Claude Mythos Preview flagged 23,019 potential vulnerabilities in open-source projects, with 6,202 estimated as high- or critical-severity. Anthropic said the volume of AI-found flaws is turning verification, disclosure, and patching into the new bottleneck.

AI-powered vulnerability hunting could soon test whether defenders can move as quickly as the models scanning their code.

Many of the AI-found bugs held up

The AI model’s open-source scan covered more than 1,000 projects. A subset went through additional checks by independent security firms or Anthropic itself, and the early validation numbers were substantial:

  • 1,752: High- or critical-rated findings reviewed by outside security firms or internal researchers.
  • 90.6%: Reviewed findings judged to be valid true positives.
  • 62.4%: Reviewed findings confirmed as high- or critical-severity.
  • Nearly 3,900: Projected high- or critical-severity open-source vulnerabilities if current post-triage rates hold.

One example came from wolfSSL, an open-source cryptography library used in billions of devices. Mythos Preview found a now-patched flaw that could have allowed an attacker to forge certificates, potentially making a fake banking or email site appear legitimate to an end user.

Discovery itself is becoming the easier part. “Finding them in the first place has become vastly more straightforward with Mythos Preview,” the AI company said.

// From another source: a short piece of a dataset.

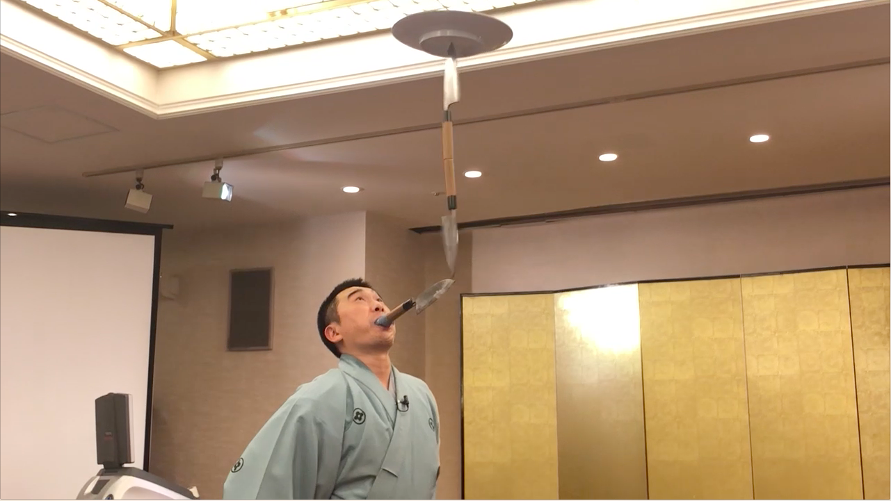 そして、メインイベントは、翁家 和助 (おきなや わすけ)さんによる太神楽曲芸!

Patching could not keep up

Coordinated disclosure is intended to give software teams time to verify flaws, prepare fixes, and allow users to update before details become public. Mythos Preview is testing how well that process works when findings arrive in bulk.

Each report still needs human review. Researchers have to reproduce the issue, rate its severity, check whether a fix already exists, and give maintainers enough detail to repair the code safely. Some maintainers asked Anthropic to slow the pace of disclosures because they needed more time to respond.

Anthropic said it has disclosed 530 high- or critical-severity bugs to maintainers so far, but only 75 have been patched. On average, a bug at that severity level takes about two weeks to fix.

The low patch count partly reflects the early stage of the standard 90-day disclosure window, and some fixes may not yet be visible because not every patch gets a public advisory.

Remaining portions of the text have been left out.